(The problem) Beginning with the line that contains "Each worksheet is" and ending with the line that contains "Trzyelementowa drabina wielofunkcyjna.", reproduce the lines of the entries below exactly, omitting pictures.

Dataset entries:
■ ■ ■ ■

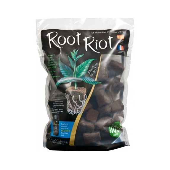 Пробки, изготовленные по технологии «Root Riot» - инновация компании Hydrodynamics International and Growth Technology. Полностью органические кубики изготовлены из компостированных продуктов переработки древесной коры и предварительно замоченные в растворе бенифицарной микоризы, способствующей развитию корневой системы растений. Пробки идеальны для последующего укоренения как в гидропонной системе, так и в почве за счет идеального соотношения увлажненности и воздухопроницаемости. После появления второго листка у растения, пробку без труда можно поместить в почву, беспочвенную смесь, в аэро-гидропонную систему или минеральную вату.
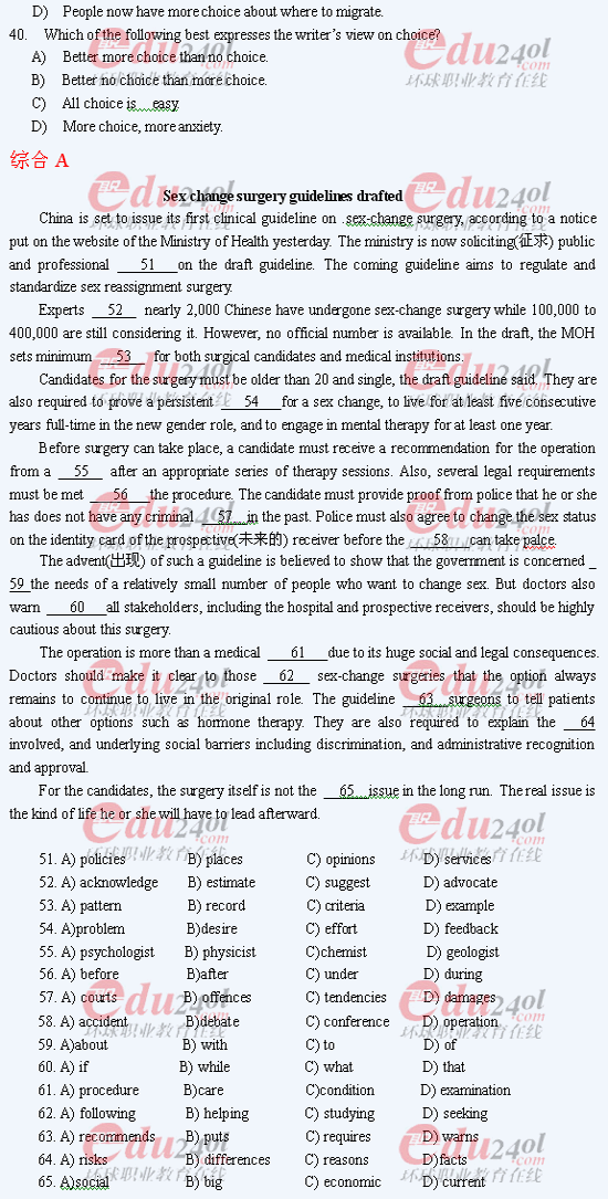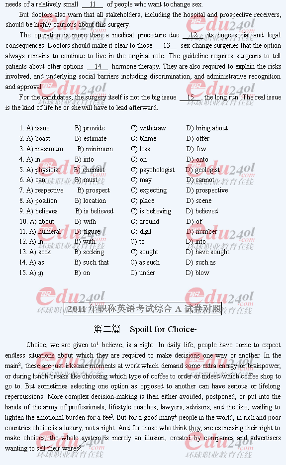 - 重慶2017年職稱英語(yǔ)綜合類考試考前沖刺練習(xí)完形填空2017-09-08
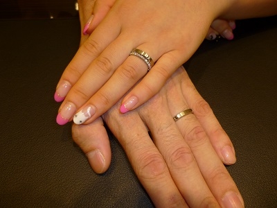 デザートのマリッジリングとエンゲージリングをイエローゴールドでお作り頂きました。
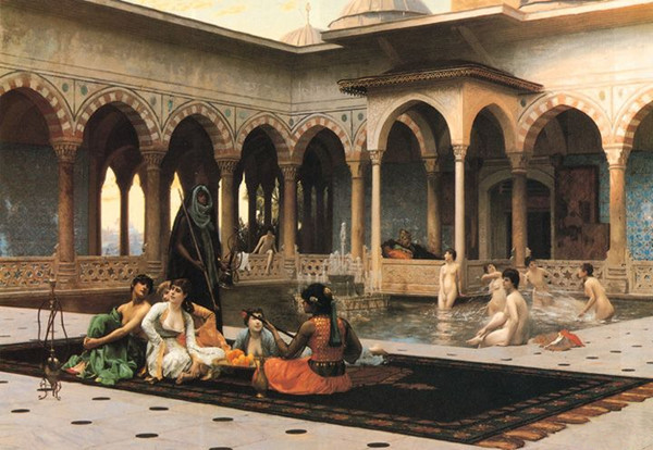 《后宫露台》创作者:让-莱昂·热罗姆 法国 规 格:80cm×102cm 材 料:布 油彩 存藏处:私人藏
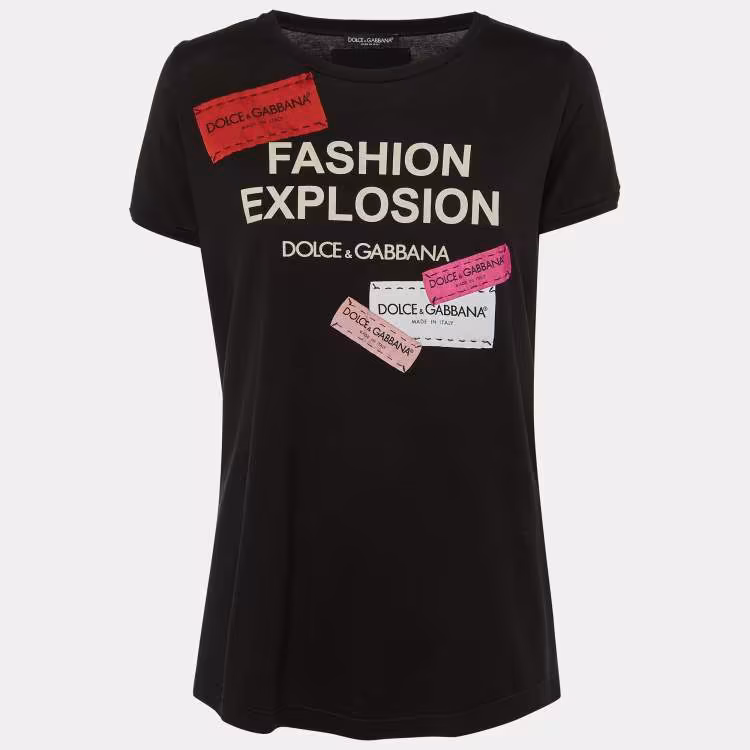 مملوكة مسبقًا Dolce & Gabbana Black Printed Cotton Logo Patch Detail T-Shirt S
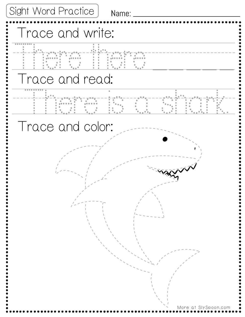 Each worksheet is designed to help kids recognize, trace, write, and read the word there through simple, meaningful practice.
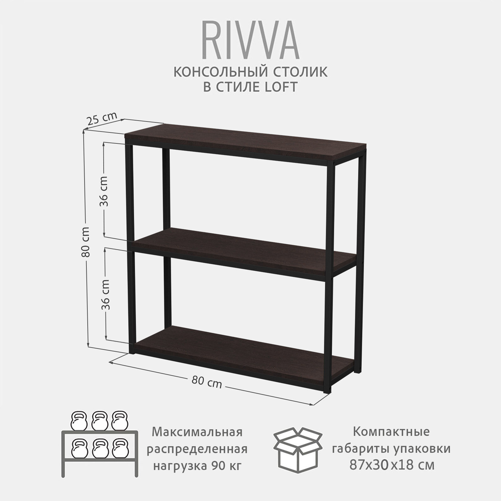 Купить Консольный столик RIVVA loft, темно-коричневый, журнальный столик, приставной, тумба под телевизор, лофт, 80x80x25 см, гростат
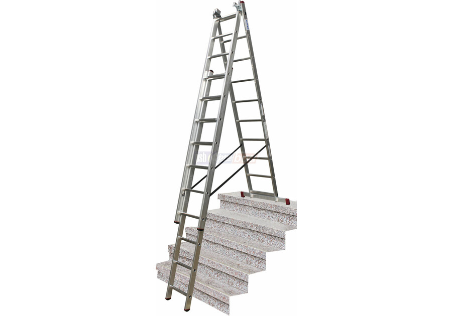 Trzyelementowa drabina wielofunkcyjna. Do zastosowania jako drabina rozsuwana, przystawna oraz wolnostojąca.
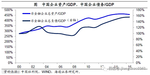 加杠杆做大企业,也压垮企业。而中国企业的扩张,也是极大地受益于举债加杠杆。根据中国社科院的估算,在2006年时中国非金融企业的总资产为75.8万亿,到2016年上升至340万亿,年均增速高达16.4%。与此同时,中国企业部门的债务开始大幅上升。2006年中国企业部门总债务为21.7万亿,相当于GDP的100%。而到2016年中国企业部门总债务升至116万亿,占GDP的比重达到156%。假设社会融资成本平均为7%,那么企业部门每年支付的融资成本就要占据GDP的10%。
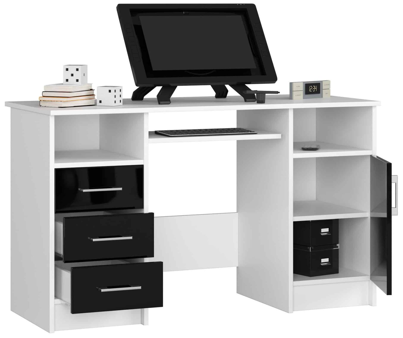 Apraksts tika tulkots automātiski, var rasties kļūdas. Piedāvājam baltu Ana datorgaldu ar spīdīgi melnām fasādēm. Rakstāmgalds sastāv no trim ietilpīgām atvilktnēm, bīdāma klaviatūras plaukta un sānu skapja, kura iekšpusē papildus ir viens plaukts. Atvilktnēm un durvīm ir sudraba rokturi. Korpuss un fasādes izgatavotas no izturīgas 16 mm biezas laminētas plātnes. Turklāt augšpuse, sāni un priekšpuse ir pārklāti ar ABS loku, kas ir izturīgāks pret berzi un dažādiem mehāniskiem bojājumiem. Atvilktnes un tastatūras plaukts pārvietojas uz metāla rullīšu vadotnēm, un vajadzības gadījumā tos var viegli noņemt un notīrīt. Rakstāmgaldam ir skandināvu stils, mūsdienīgs un minimālistisks izskats, ideāli piemērots birojam, bērnu istabai vai jauniešu istabai. Universālas krāsas un vienkāršais dizains lieliski iederēsies jebkurā interjerā un viegli kombinējamas ar citām līdzīgās krāsās esošām mēbelēm. Lielā galda virsma ir piemērota monitoram, lampai un citiem piederumiem. Rakstāmgalds ir 124 cm garš, 74 cm augsts un 52 cm dziļš. Kopējais svars 45 kg.. Mēbeles tiek pārdotas iepakojumos pašmontēšanai, kopā ar detalizētu montāžas instrukciju. Ražotājs nodrošina 24 mēnešu garantiju. – Rakstāmgalds izgatavots no nodilumizturīgas laminētas plātnes – Ir daudz vietas jebkuram izkārtojumam – Iekšpusē ir viens plaukts ar durvīm – Atvilktņu fasādes un durvis izgatavotas no glancētas melnas laminētas plātnes – Atvilktnes un klaviatūras plaukts atrodas uz metāla rullīšu vadotnēm – Galda virsma, sāni un fasādes pārklātas ar ABS malu – Sudraba atvilktne un durvju rokturi – DIY galds – Rokasgrāmata komplektā – Garantija 24 mēneši.
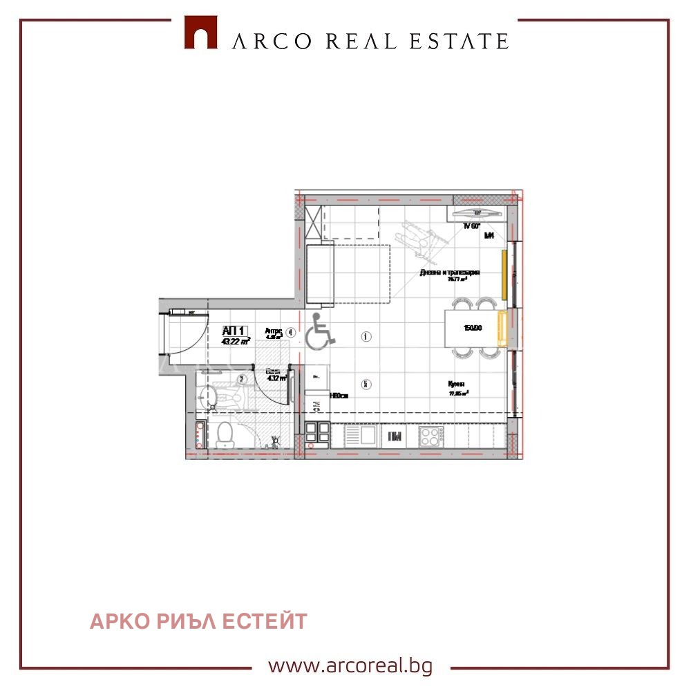 Апартамент 1 - Едностаен апартамент на партере със застроена площ 43.22 кв.м. с източно изложение.
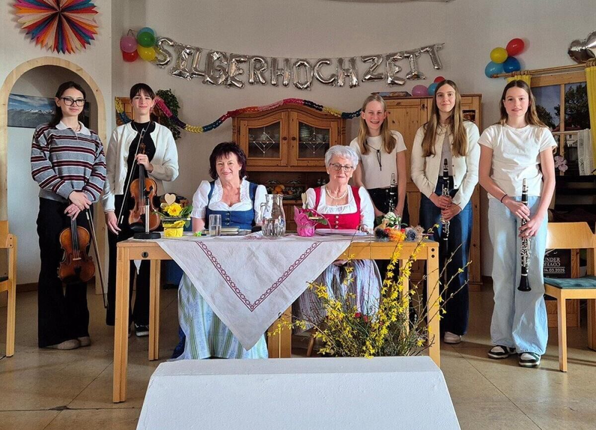 Die beiden Mundartdichterinnen Margarete Eder und Christine Schilcher präsentierten ihrem interessierten Publikum zahlreiche geistreiche Gedichte. Viele davon sorgten für Lachen und führten humorvolle „Blüten des Lebens“ vor Augen. Dabei ging es unter anderem um das Verhältnis von Mann und Frau – etwa beim Autofahren, Grillen oder beim Hochzeitstag –, um WhatsApp-Gruppen, um künstliche Intelligenz oder um „Liebesgeschichten und Heiratssachen“.
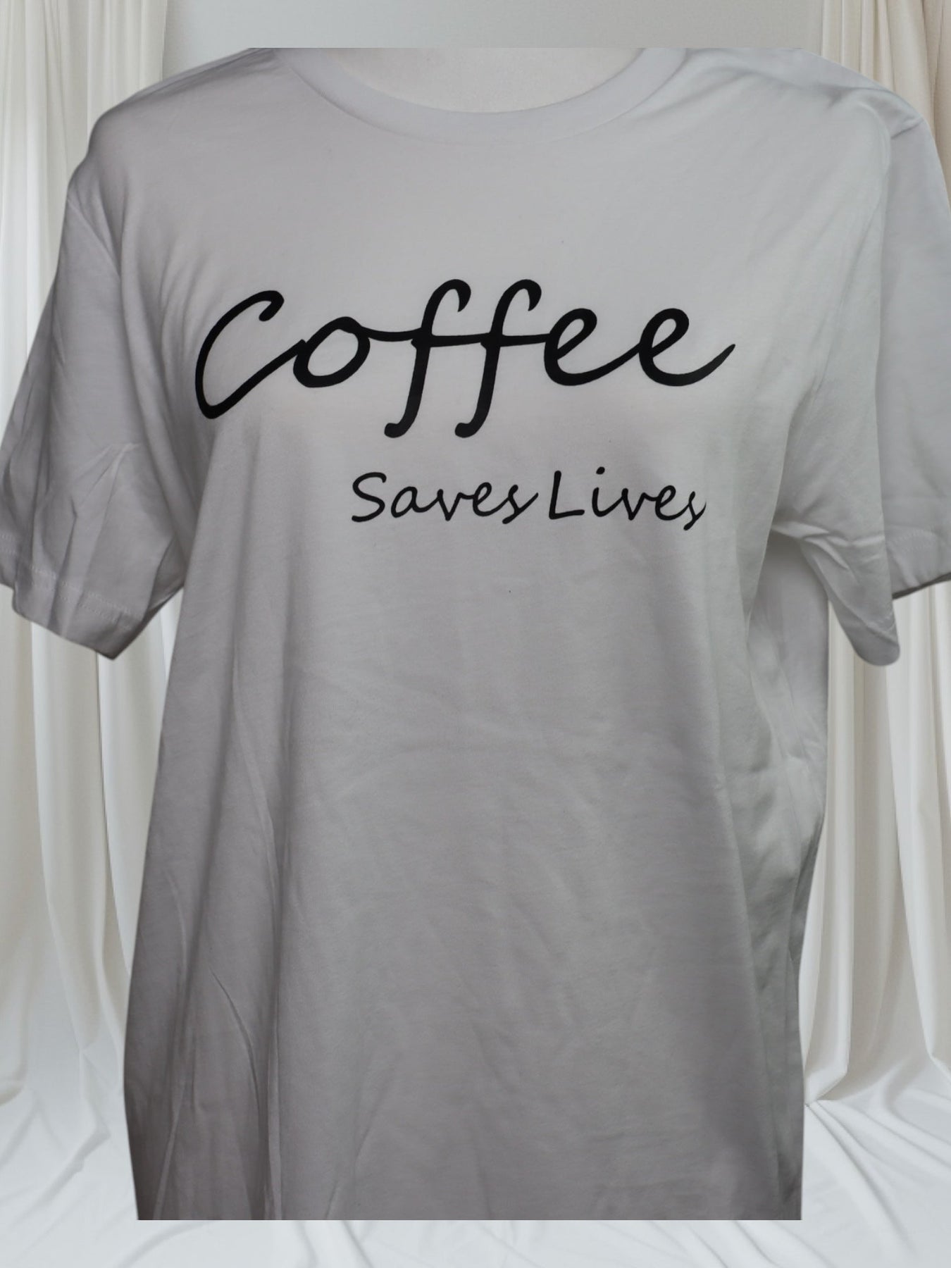 Express your love for coffee in style and comfort with this Coffee Saves Lives Tee. The bold design and essential motto make it a must-have for any coffee enthusiast. Get ready to turn heads and feel amazing with this 100% Cotton Bella + Canvas tee, available in white or black.

■ ■ ■ ■

(Finished task)
 Each worksheet is designed to help kids recognize, trace, write, and read the word there through simple, meaningful practice.
 Купить Консольный столик RIVVA loft, темно-коричневый, журнальный столик, приставной, тумба под телевизор, лофт, 80x80x25 см, гростат
 Trzyelementowa drabina wielofunkcyjna. Do zastosowania jako drabina rozsuwana, przystawna oraz wolnostojąca.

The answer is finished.